The Legislative Landscape for Cryptocurrencies in Kuwait Prior to 2024

As of 2022, Kuwait had a distinctive stance on cryptocurrencies that was primarily characterized by prohibitive measures. The country’s financial authorities, including the Ministry of Finance and the Central Bank of Kuwait (CBK), had established a firm stance against the recognition and use of cryptocurrencies in official commercial transactions. The CBK, in particular, prohibited the banking sector and companies under its jurisdiction from trading in cryptocurrencies. This prohibition extended to the acceptance of cryptocurrencies in e-payment transactions and acting as mediators in cryptocurrency transactions​​.

In a significant development, the Capital Markets Authority (CMA) of Kuwait introduced a comprehensive ban on cryptocurrency usage. This move was aimed at combating money laundering and financial risks, and it placed an “absolute prohibition” on the use of digital currencies for payments or investments within the country. The CMA’s regulations categorized all virtual assets, including cryptocurrencies, as illegal for transactions. Furthermore, this ban extended to digital asset mining, rendering such activities strictly prohibited in Kuwait. The circular issued by the CMA, in collaboration with other regulatory bodies, emphasized that cryptocurrencies were not recognized as decentralized currencies. The CMA’s actions aligned with Recommendation No. 15 issued by the Financial Action Task Force (FATF), underscoring Kuwait’s commitment to combating money laundering and terrorism financing. However, securities regulated by the CBK and other financial instruments regulated by the CMA were excluded from this prohibition​​​​.

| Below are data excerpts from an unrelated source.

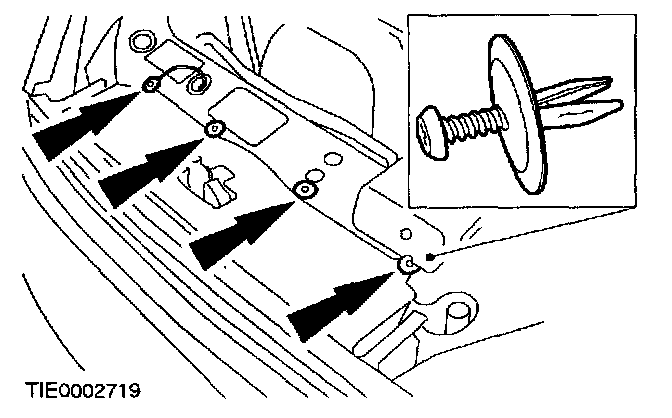 WARNING: Make sure the crash sensor locating tangs are correctly located in the radiator grille opening panel. Failure to follow this instruction may result in personal injury.
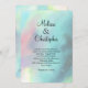 A wedding invitation with a cool and stylish abstract design. Faded watercolors mix and mingle to create the illusion of a space image. Green with hints of purple, yellow and light red blend together with a smattering of white dots and stars. An elegant artistic creation.
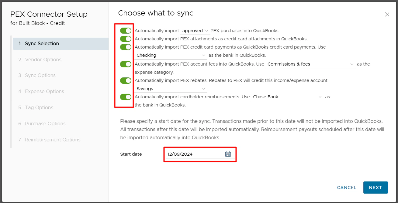 - You can choose to sync all PEX transactions (regardless of approval status) or just approved (recommended).
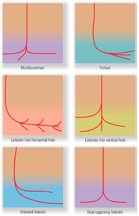 According to the arrangement of the main bore and lateral wells, MLWs can be categorized into six primary types as depicted in Figure 4 [65]:
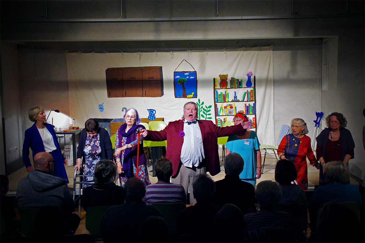 Wir gehen auch regelmäßig in Senioreneinrichtungen, um Ausschnitte und Lieder, manchmal auch unser ganzes Stück darzubieten und Freude zu bereiten.
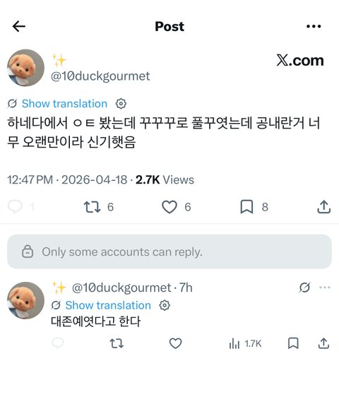 님아 글삭 하지 그러냐 저분이 본거는 윈터가 아니라 남돌 그룹 앤팀이라고 그분들 보셨던거임 정정 하셨는데 ㅋㅋ

In contrast to its strict stance on cryptocurrencies, the CBK announced in January 2018 its intention to create infrastructure for a local digital currency, distinct from virtual currencies. This digital currency was to be part of the e-payments landscape and was expected to possess characteristics akin to paper money, such as an issuance number. The CBK highlighted that this local digital currency would be government-monitored and could be exchanged with other currencies as well as used to pay for goods and services​​.

Overall, Kuwait’s legislative approach to cryptocurrencies prior to 2024 was marked by stringent regulations and prohibitions, particularly aimed at preventing the use of cryptocurrencies in financial transactions and mining activities. At the same time, the country showed interest in exploring the potential of a state-backed digital currency, indicating a nuanced approach towards digital financial technologies.